What are some of the values of Roman and Gothic art, and how do the two differ?

Expert Answers
booboosmoosh eNotes educator| Certified Educator

For many years, Roman art was considered work "borrowed" or copied from the Greeks. However, with further analysis more recently...

Roman art is a highly creative pastiche relying heavily on Greek models but also encompassing Etruscan, native Italic, and even Egyptian visual culture.

The characteristics of Roman art are "stylistic eclecticism" and "practical application." Casting in bronze became popular, adopted from the Etruscans, and the statues created were life-sized. Depicted were gods and heroes. Painting was first represented in landscapes that had been conquered by the Romans. In conquering Greece, art forms from that region spread throughout Rome. Ultimately, frescoes would become a part of Roman art.

On the other hand, Gothic art is different. First of all, it is much "newer" than Roman art. It flourished toward the end of the Middle Ages. While it appeared in the mid-1100s, it continued on into the late 15th century, and even into the 16th century in some places.

Early Gothic art was found on the walls of cathedrals and abbeys, telling pictorial stories from the Old and New Testaments, as well as saints lives. Pictures of the Virgin Mary moved away from the Byzantine "iconic" form to a woman who was portrayed with more human characteristics, including those of an affectionate and loving mother.

Secular art also found its place during this time as the world grew smaller through trade, the use of money, and a new emerging middle class. Sculpture and architecture appears before painting. There is no clear "break" from Romanesque art to the Gothic styles. Ultimately, the subjects of Gothic painting…

…became more animated in pose and facial expression...

These figures were smaller in comparison to the scenes in which they were set, and the scenes provided more "space."

The main differences seem to be that Roman art owed a great deal to the art of other countries though an influx connected to the Roman Empire's ability to "acquire" new territories.
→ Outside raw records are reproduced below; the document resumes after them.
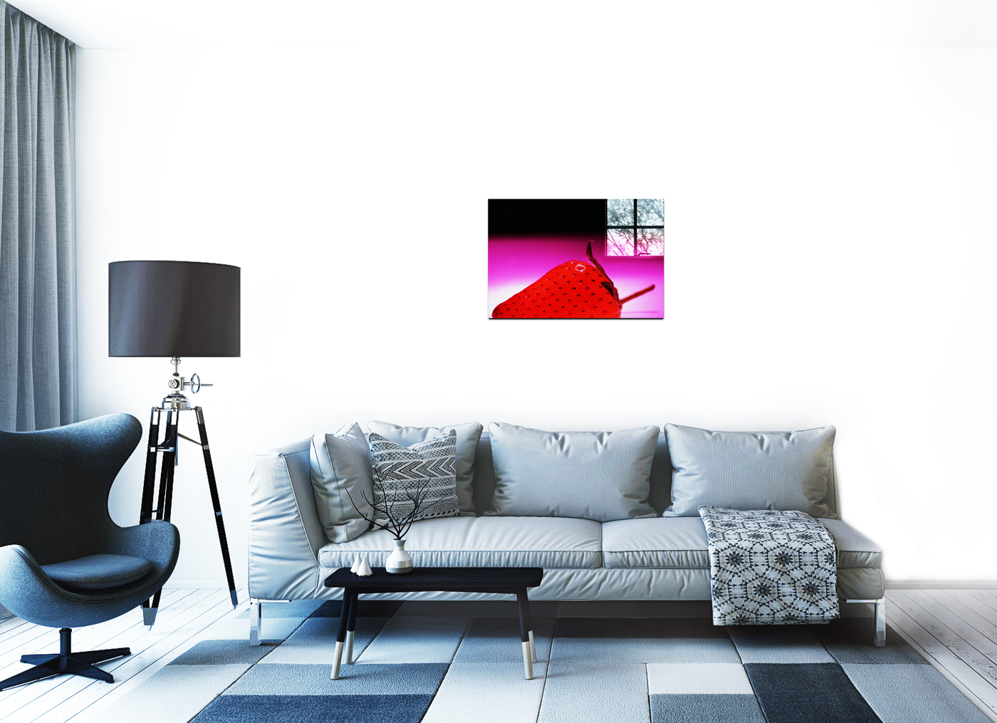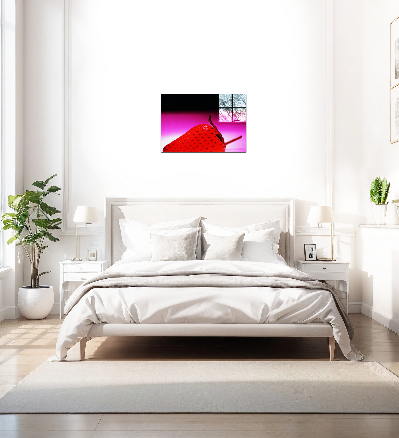 Our photographers have captured this perfect example of a ripe summer strawberry in high definition. This has also created an exceptional shallow depth of field, which allows the backlighting to melt away into an opulent gradient of warm pinks and heavier, regal purples.
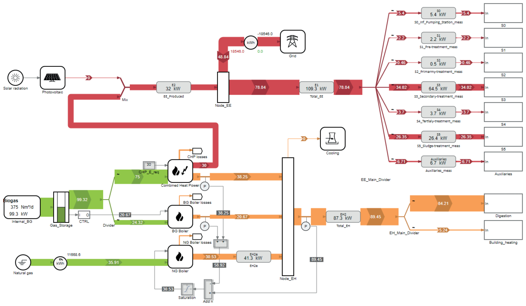 Obr. 6. Energetický model ČOV
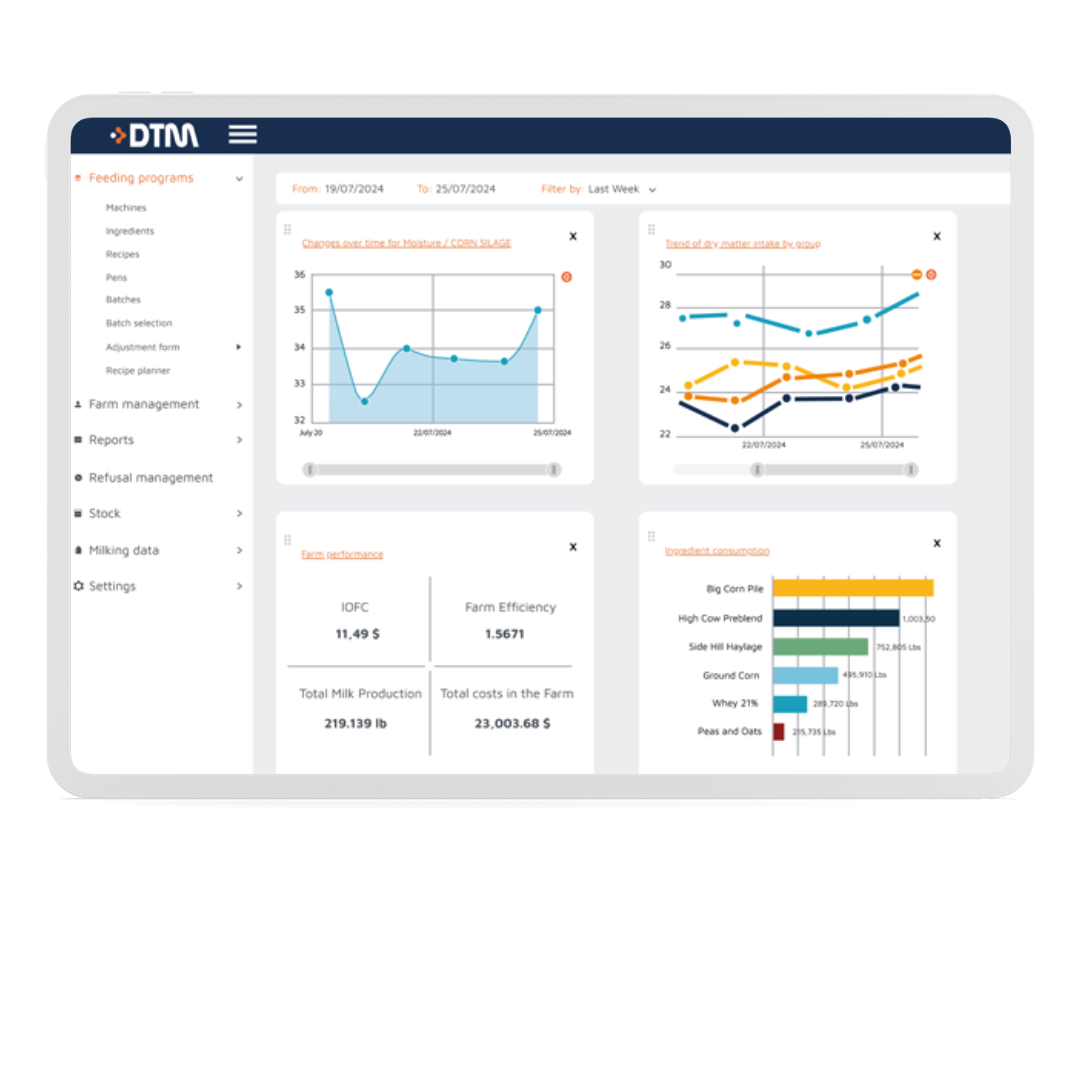 Integrate your herd-milking software to automatically import milk production and cow data with ease. DTM is compatible with all major brands, ensuring a smooth connection. Gain access to live reports on feed efficiency and Income Over Feed Cost (IOFC).
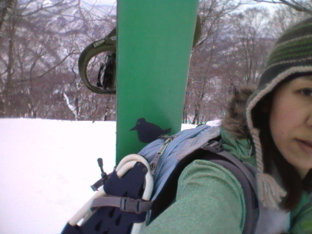 板の裏にまで雪がくっつきまクリスティ。あとはゴールまではツボ足徒歩で、とぼとぼ帰還しますた。(14:20)
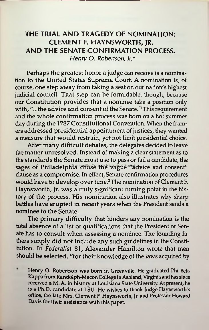 The Trial and Tragedy of Nomination: Clement F. Haynsworth, Jr. and the Senate Confirmation ProcessEntry/Object ID

However, Gothic art spread throughout Europe, and was adopted and changed based upon the artistic patterns present in those places. In some locations, it never took hold, while in others it was accepted and evolved on its own.

Roman art reflected the culture's beliefs in Roman gods and the exploits of great heroes. Gothic art began with a concentration on the religious beliefs of the Church in Europe at a much later date.